This repository contains the Rust-based NEAR smart contract implementation of the Eigenrank algorithm. It is designed to interact with the socialDB contract deployed on the NEAR blockchain, calculating global profile rankings based on user interactions.

Features

  • Eigenrank Algorithm Implementation: Implements a modified version of the Eigenrank algorithm to calculate trust scores based on social interactions.
  • Integration with socialDB: Fetches interaction data from the socialDB contract.
  • Storage of Rankings: Rankings are computed and then stored back in the socialDB contract under each user's profile.

Getting Started

These instructions will get you a copy of the project up and running on your local machine for development and testing purposes.

Prerequisites

  • Rust and Cargo: Installation Guide
  • NEAR CLI: Install it globally via npm:
    npm install -g near-cli
  • wasm32 target:
    rustup target add wasm32-unknown-unknown

Installation

  1. Clone the repository:
    git clone https://github.com/hyperfiles-org/eigenrank
  2. Navigate into the project directory:
    cd hyperfiles-org/eigenrank

Building the Contract

Run the build script to compile the smart contract to WebAssembly (Wasm):

./build.sh

The script cleans previous builds, compiles the contract, and provides the Wasm file ready for deployment.

Testing

To run the unit tests:

cargo test

Deployment

To deploy the contract to the NEAR testnet:

  1. Ensure you are logged in to NEAR CLI:
    near login
  2. Deploy the contract using:
    near deploy --accountId your-account.testnet --wasmFile path/to/your_contract.wasm

Replace your-account.testnet with your actual NEAR testnet account name.

Additional Tips

Dependencies: Ensure all required build tools and dependencies are installed, such as the Rust toolchain and the wasm32-unknown-unknown target.

You can install the target with:

rustup target add wasm32-unknown-unknown

Optimization Tool: If your contract is large or you want to optimize for performance, consider using wasm-opt from the Binaryen suite. This tool can greatly reduce the size of your Wasm binary which can save costs when deploying to the blockchain.
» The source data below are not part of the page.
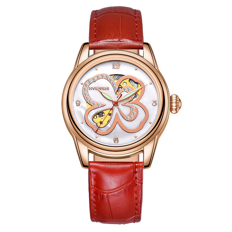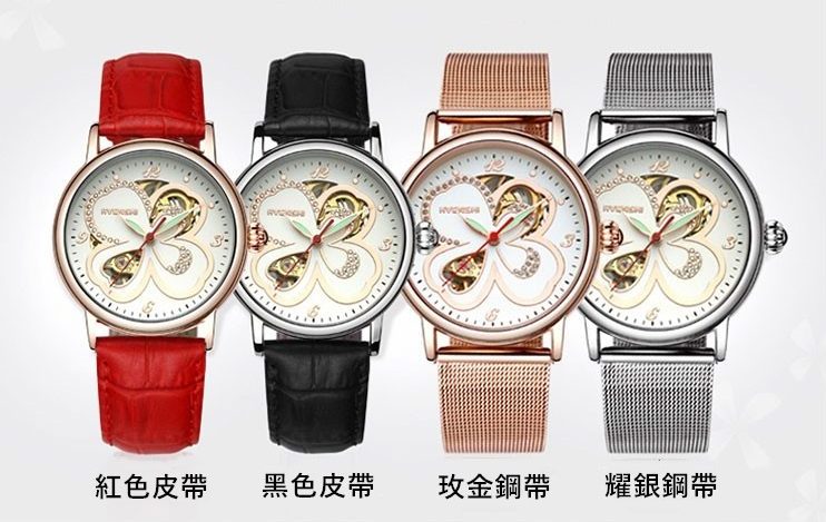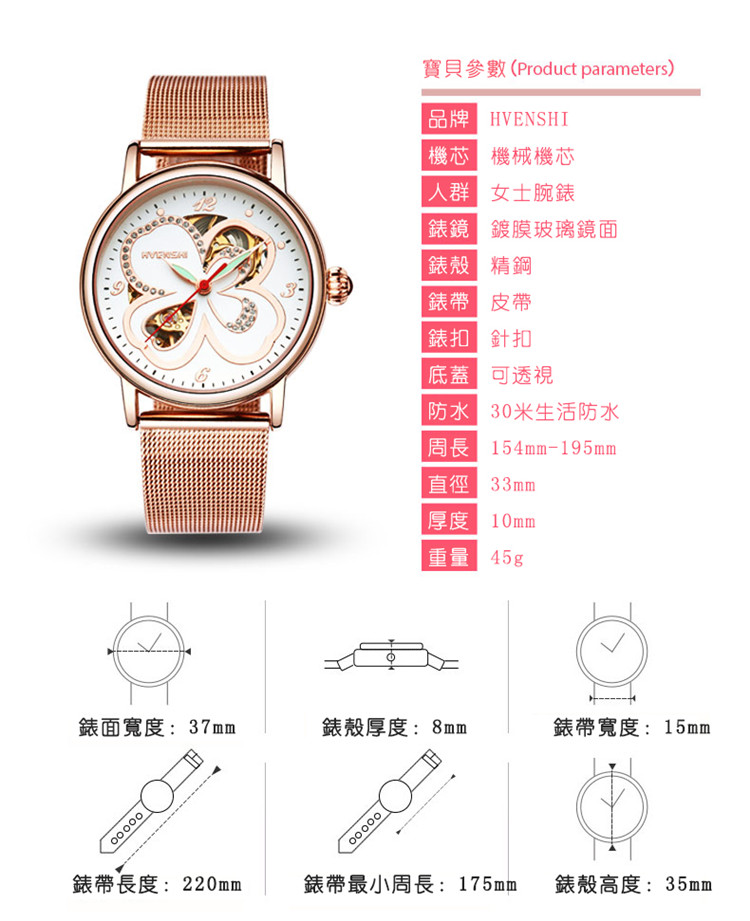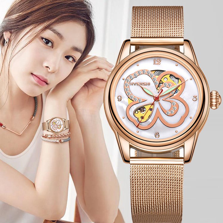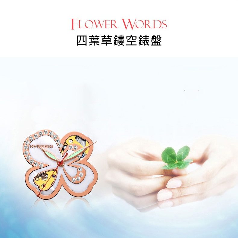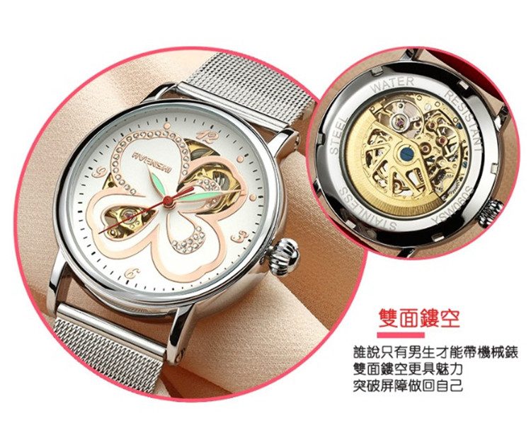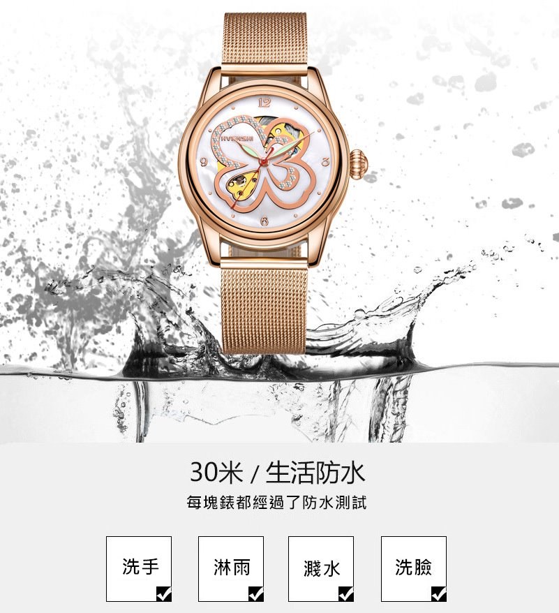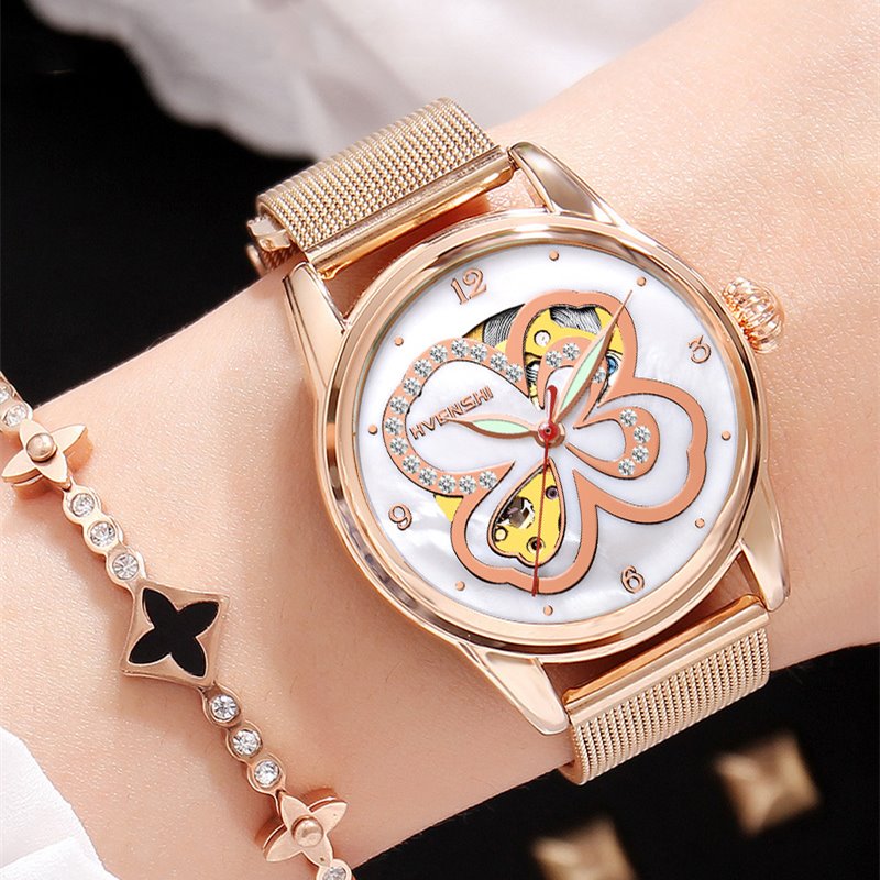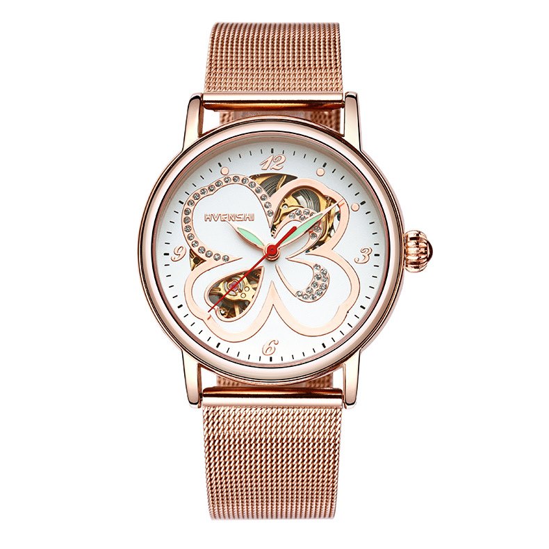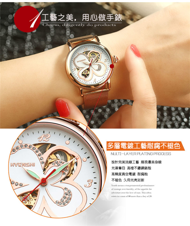 全自動機械機芯 | 四葉幸運草鏤空錶盤 | 玫金網帶 | 30米防水 | 正韓HVENSHI名媛款四葉幸運草小圓盤女士自動機械錶
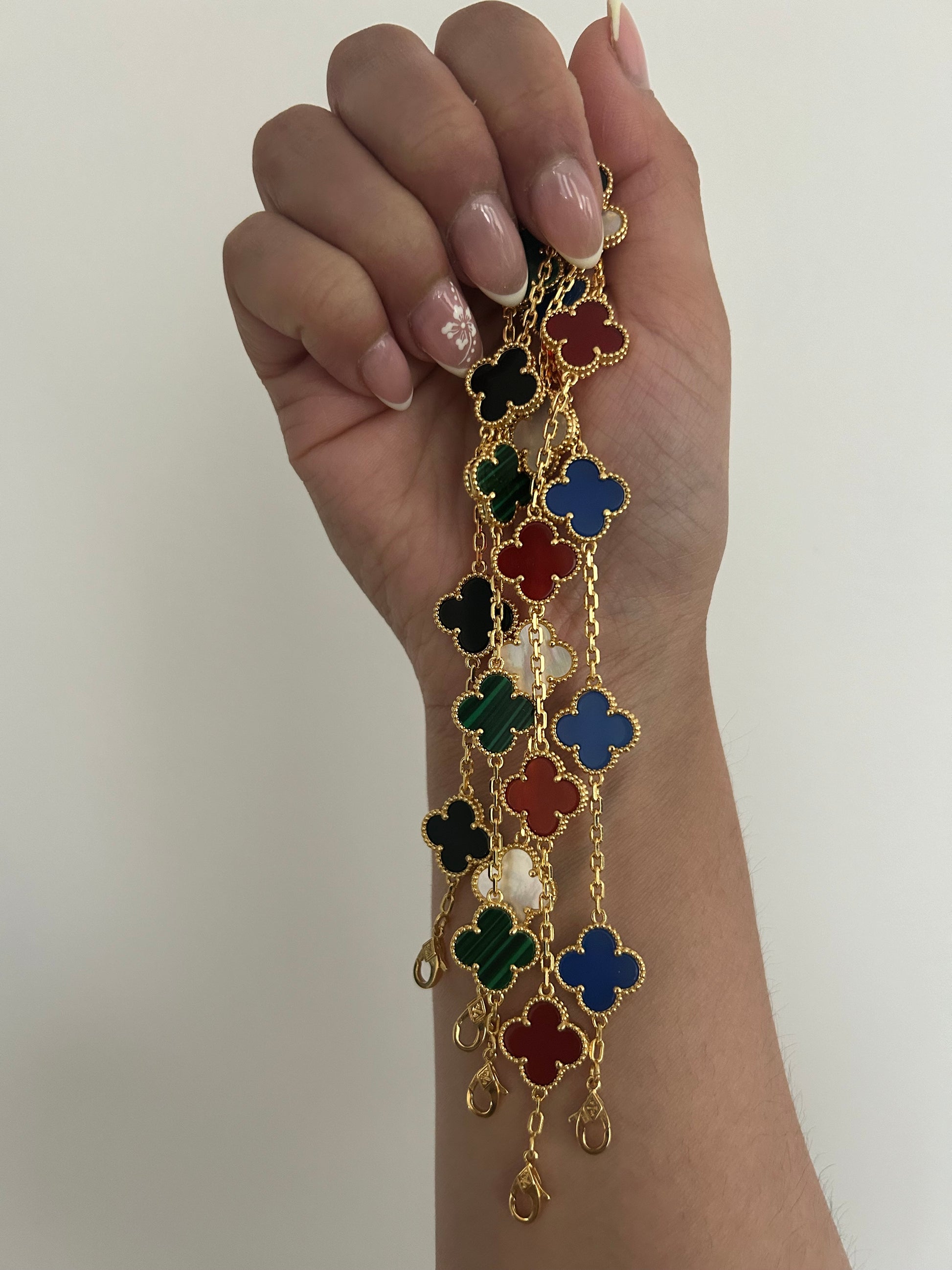This grey mother of pearl four leaf clover bracelet is beautiful, looks lovely with other bracelets or alone. The grey mother of pearl is very pretty it almost takes on whatever colour you are wearing. As well my order arrived in a lovely packaged with great attention to detail, absolutely beautiful!
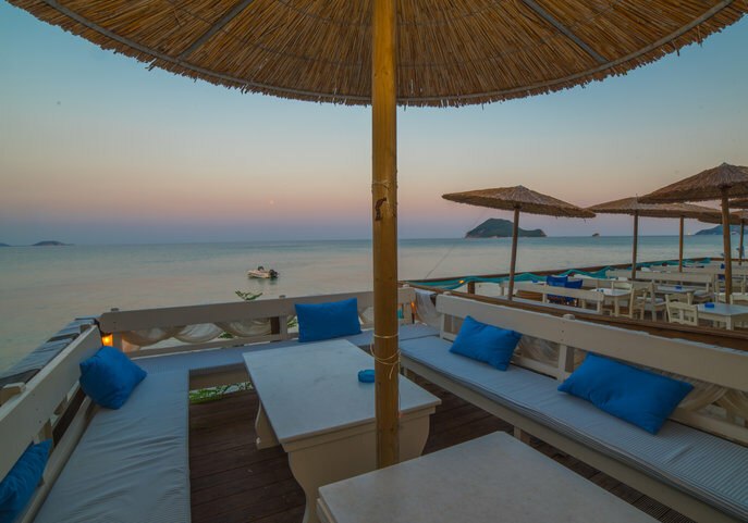 Ihr residiert in Porto Koukla direkt am Sandstrand – ein Schritt durch den Garten, und Ihr steht im warmen Sand. Bis ins Ortszentrum von Agios Sostis sind es ca. 1,5 km, nach Laganas etwa 3 km. Der Flughafen liegt rund 10 km entfernt, wodurch An- und Abreise überschaubar bleiben. Die hoteleigene Beachbar verbindet Lage und Genuss am Wasser auf angenehm kurze Weise.
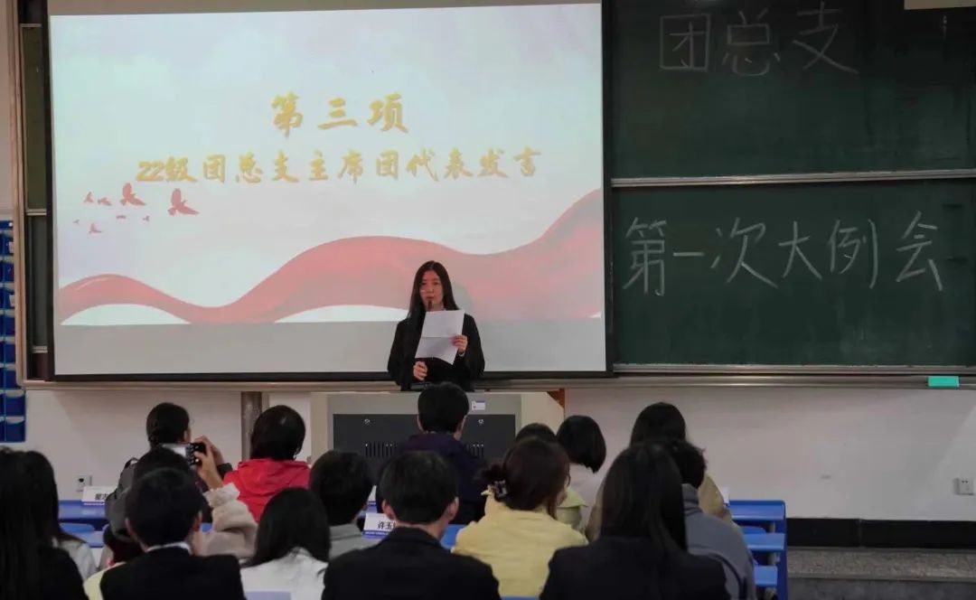 24届财会团总支书记助理竺莉芳上台发言,竺莉芳同学说道:“在未来的学习和生活中,可能会面临各种挑战和困难,但请相信,只要坚持努力,勇于迎接挑战,一定能够克服一切困难,收获成功和成长。改变和提升自己是一种持续的过程。在这个大例会上,希望大家都能勇敢面对自己的不足和挑战,勇于突破自我,追求更高的目标和更好的自己。相信自己的潜力,相信自己的能力,一定能够取得令人瞩目的成绩!”

Automation: You can integrate this script into CI/CD pipelines for automated builds and deployments.

Usage

Deploy the contract to NEAR testnet or mainnet using NEAR CLI commands.

Initialize the contract:

near call eigenrank.testnet new '{"social_db_contract_id": "v1.social08.testnet"}' --accountId YOUR_ACCOUNT.testnet

Calculate Rankings

To calculate rankings for a user:

near call eigenrank.testnet calc_rank '{"seed_accounts": ["seed1.testnet"], "user_id": "user1.testnet", "seed_strategy": 0, "localtrust_strategy": 0}' --accountId your-account.testnet

Overview of calc_rank

The calc_rank function is a core component of the Eigenrank contract. It is designed to calculate trust rankings for users within a social network based on their interactions. This method interacts with the socialDB contract to fetch interaction data, process it, and compute rankings based on the Eigenrank algorithm.

Function Signature

pub fn calc_rank(
    &self,
    seed_accounts: Vec<String>,
    user_id: String,
    seed_strategy: u8,
    localtrust_strategy: u8
)

Usage Example

near call eigenrank.testnet calc_rank '{"seed_accounts": ["trusted1.near", "trusted2.near"], "user_id": "user123.near", "seed_strategy": 0, "localtrust_strategy": 1}' --accountId caller_account.testnet

Error Handling

  • Ensure all account IDs are valid NEAR accounts.
  • The strategies should correspond to implemented methods in the contract. Using an undefined strategy will result in a runtime error.

Parameters

  1. seed_accounts (Vec<String>):

    • Description: A list of account IDs that are used as seed nodes for the trust calculation. These accounts are considered trusted by default and influence the trust calculation for other users.
    • Users can customize this list based on which accounts they want to influence the trust scores in the network. More trusted nodes typically provide a stronger foundation for the trust graph.
  2. user_id (String):

    • Description: The NEAR account ID of the user for whom the trust rank is being calculated.
    • This is dynamically set to the user's account ID for whom the rank needs to be computed.
  3. seed_strategy (u8):

    • Description: A numerical identifier that specifies the algorithm or method used to integrate the seed accounts' trust values into the overall trust calculation.
    • Different strategies can be implemented and identified by unique u8 values. For example, 0 might represent a basic influence method where seed accounts contribute equally, whereas 1 could represent a weighted method where different seeds have different levels of influence based on additional metrics.
  4. localtrust_strategy (u8):

    • Description: A numerical identifier that determines how local trust scores are computed from the raw interaction data. This affects how interactions between users are converted into trust values.
    • Like the seed strategy, different methods can be employed, each represented by a different u8 value. Strategy 0 might simply count interactions, while strategy 1 might consider the type and recency of interactions.

How It Works

  • The function initiates a promise to call the get_interactions method on the social database contract, passing the user_id to fetch interaction data.
  • Upon successful retrieval of interaction data, a follow-up promise is made to process_interactions, which processes the interaction data along with the initial parameters (seed_accounts, user_id, seed_strategy, localtrust_strategy) to calculate the final trust rankings.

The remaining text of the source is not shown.